## [WHAT IS EXPECTED]
Pictures are to be left out; otherwise, copy exactly the lines from the line containing "Von dort gelangen" through the end of the data.

## [DATA BLOCK]
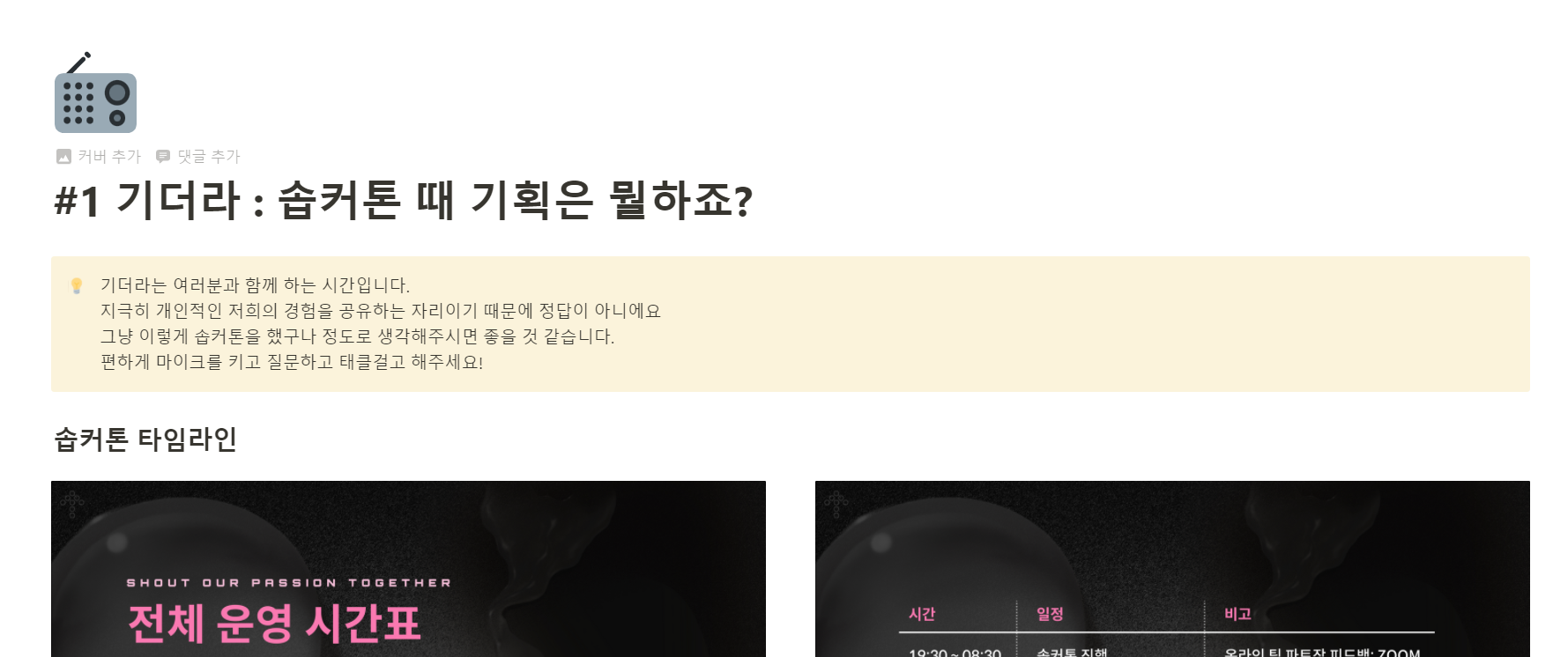 솝커톤 전.. 진짜 너무 막막했었는데, 기획파트의 남걸, 유진 , 현아 선배림들께서 기스더라디오를 열어줬다. 진짜 솝커톤이 막막했던 YB들에게 한줄기 빛이 아니었을까..?? 그 소중한 말들 들으면서 솝커톤 전엔 어떻게 해야하고, 솝커톤 땐 어떻게 해야하고, 솝커톤 후엔 어떻게해야하는지 조금은 간접체험할 수 있었던 거 같다. 또, 진짜 고마웠던 부분은 솝커톤 끝나면 "기획의 역할에 대해 현타가 오고, 기획자로서 내가 재능이 없나?" 라는 생각이 들 수도 있다는 걸 OB 선배들이 말해줬었다. 그런 얘기를 해줬어서, 솝커톤 끝나고 그나마 타격이 덜했던 거 같다. 이게 내 역량 문제가 아니라, 상황문제에 더 가깝다는걸 한번 들어서..!
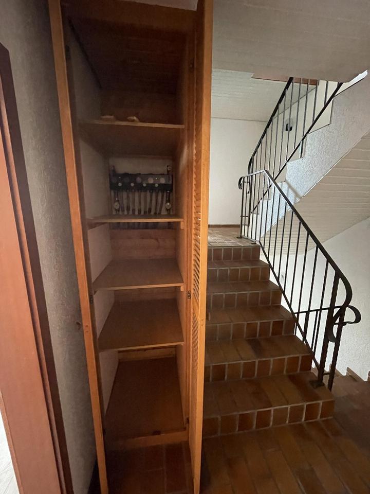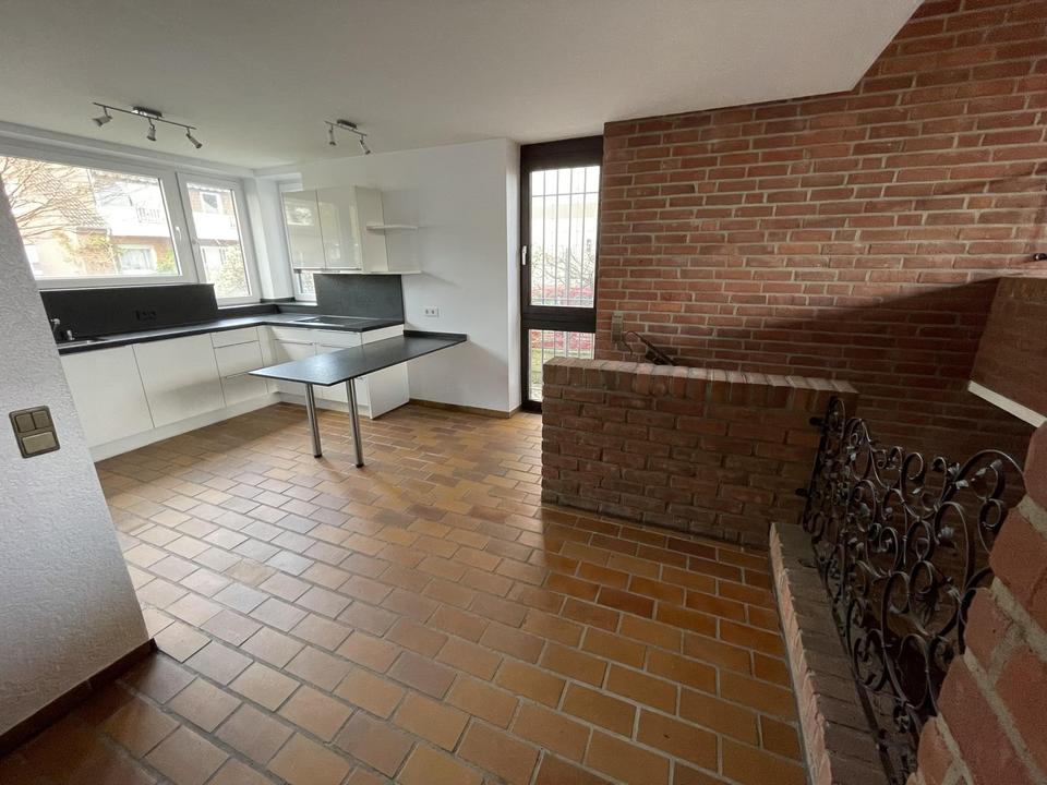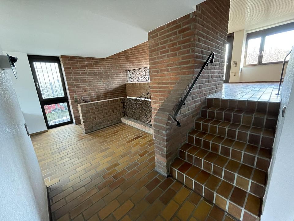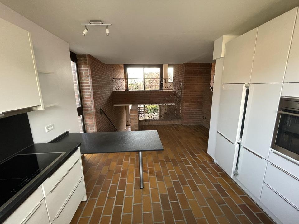 Von dort gelangen Sie mit wenigen Stufen nach unten ins Wohnzimmer mit gemütlichem Kamin und direktem Zugang zur herrlichen Terrasse und Garten – oder aber mit ein paar Stufen nach oben, ins Esszimmer mit direktem Zugang zum großzügig angelegten Balkon (saniert 2020).
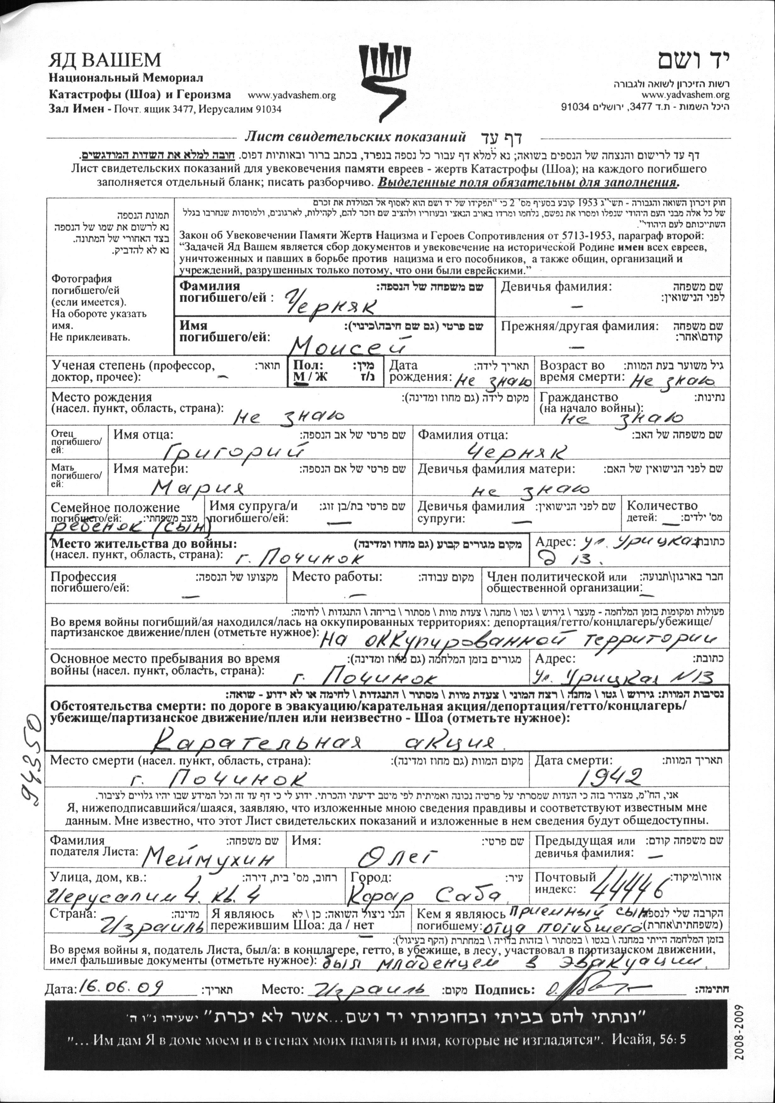 Moisei Chernyak was born to Grigori and Mariya. He was child. Prior to WWII he lived in Pochinok, Russia (USSR). During the war he was in Pochinok, Russia (USSR). Moisei was murdered in the Shoah. Place of death: Pochinok, Russia (USSR), 1942.

## [PROBLEM SOLUTION]
 Von dort gelangen Sie mit wenigen Stufen nach unten ins Wohnzimmer mit gemütlichem Kamin und direktem Zugang zur herrlichen Terrasse und Garten – oder aber mit ein paar Stufen nach oben, ins Esszimmer mit direktem Zugang zum großzügig angelegten Balkon (saniert 2020).
 Moisei Chernyak was born to Grigori and Mariya. He was child. Prior to WWII he lived in Pochinok, Russia (USSR). During the war he was in Pochinok, Russia (USSR). Moisei was murdered in the Shoah. Place of death: Pochinok, Russia (USSR), 1942.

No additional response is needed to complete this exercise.